=== DATASET SECTION ===

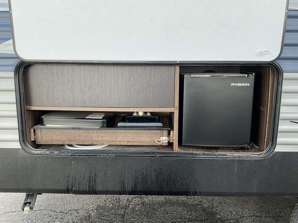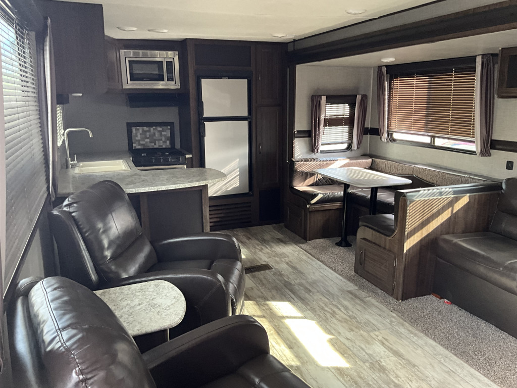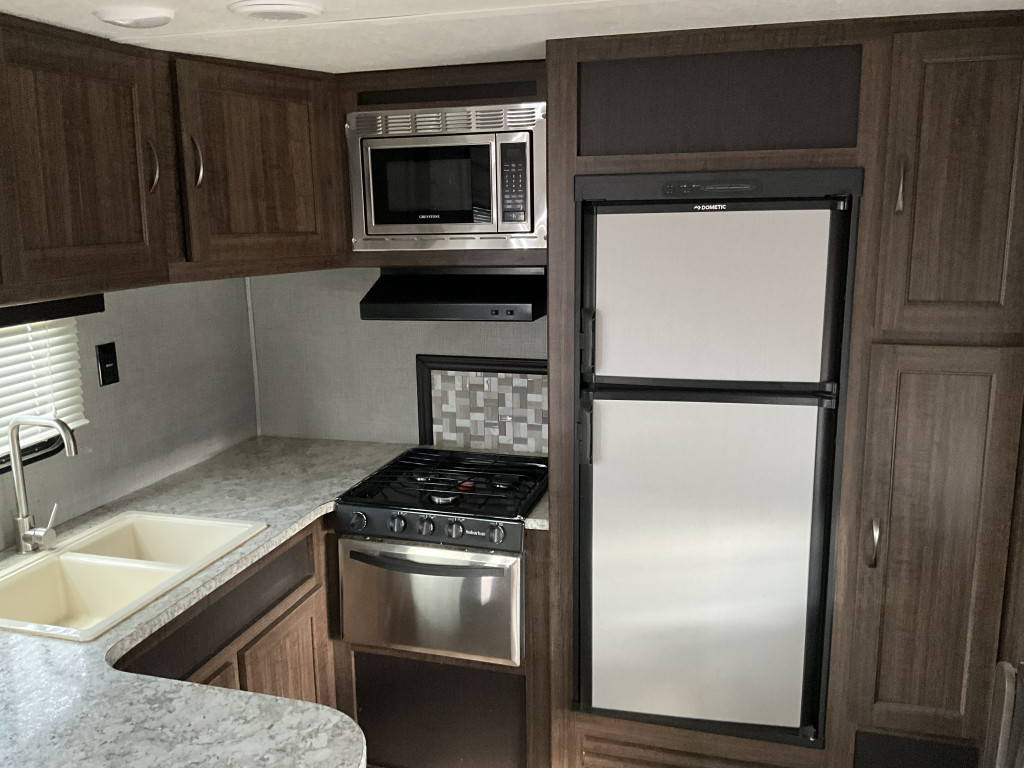 Air climatisé, Auvent électrique, Télévision, Radio, Four, Frigidaire, Micro-onde, Congélateur, Cuisinière, Douche extérieure, Jack électrique pôle avant
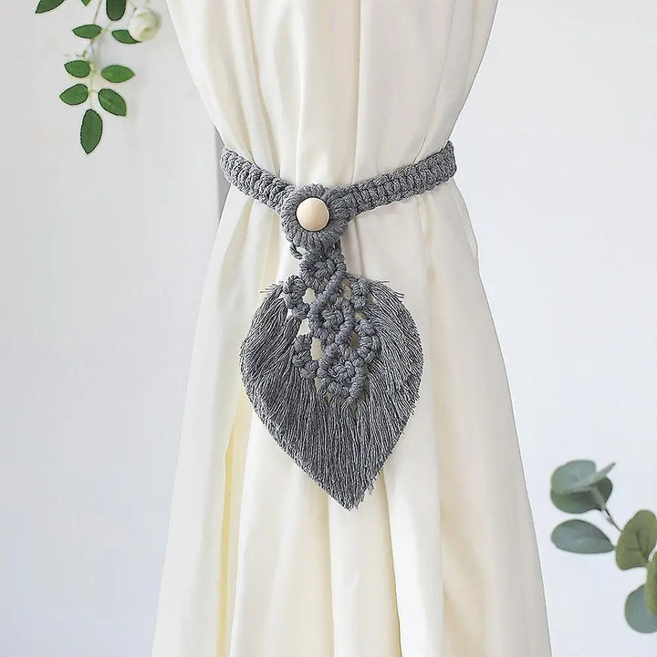 Enhance the beauty of any drapes with a stunning macrame curtain tieback! This exquisite tieback features a unique leaf-shaped design that infuses your space with an air of chic elegance, making it a perfect addition to your aesthetic room decor. Not only does it serve a functional purpose by holding curtains neatly together, but it also acts as a stylish accent that complements various interior styles.
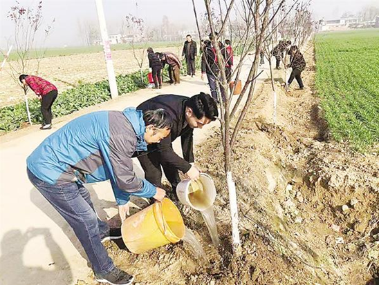 縣規(guī)劃辦李華兵帶領(lǐng)幫扶隊(duì)員在鄧城鎮(zhèn)路口村和村民共同種下致富之樹。 (莊正富 攝)

===

§ **EXERCISE BRIEF**
Retype only the lines from the line with "Enhance the beauty" through the last line of the data. Keep both ends and skip the pictures.

§ **RESULT OF THE EXERCISE**
 Enhance the beauty of any drapes with a stunning macrame curtain tieback! This exquisite tieback features a unique leaf-shaped design that infuses your space with an air of chic elegance, making it a perfect addition to your aesthetic room decor. Not only does it serve a functional purpose by holding curtains neatly together, but it also acts as a stylish accent that complements various interior styles.
 縣規(guī)劃辦李華兵帶領(lǐng)幫扶隊(duì)員在鄧城鎮(zhèn)路口村和村民共同種下致富之樹。 (莊正富 攝)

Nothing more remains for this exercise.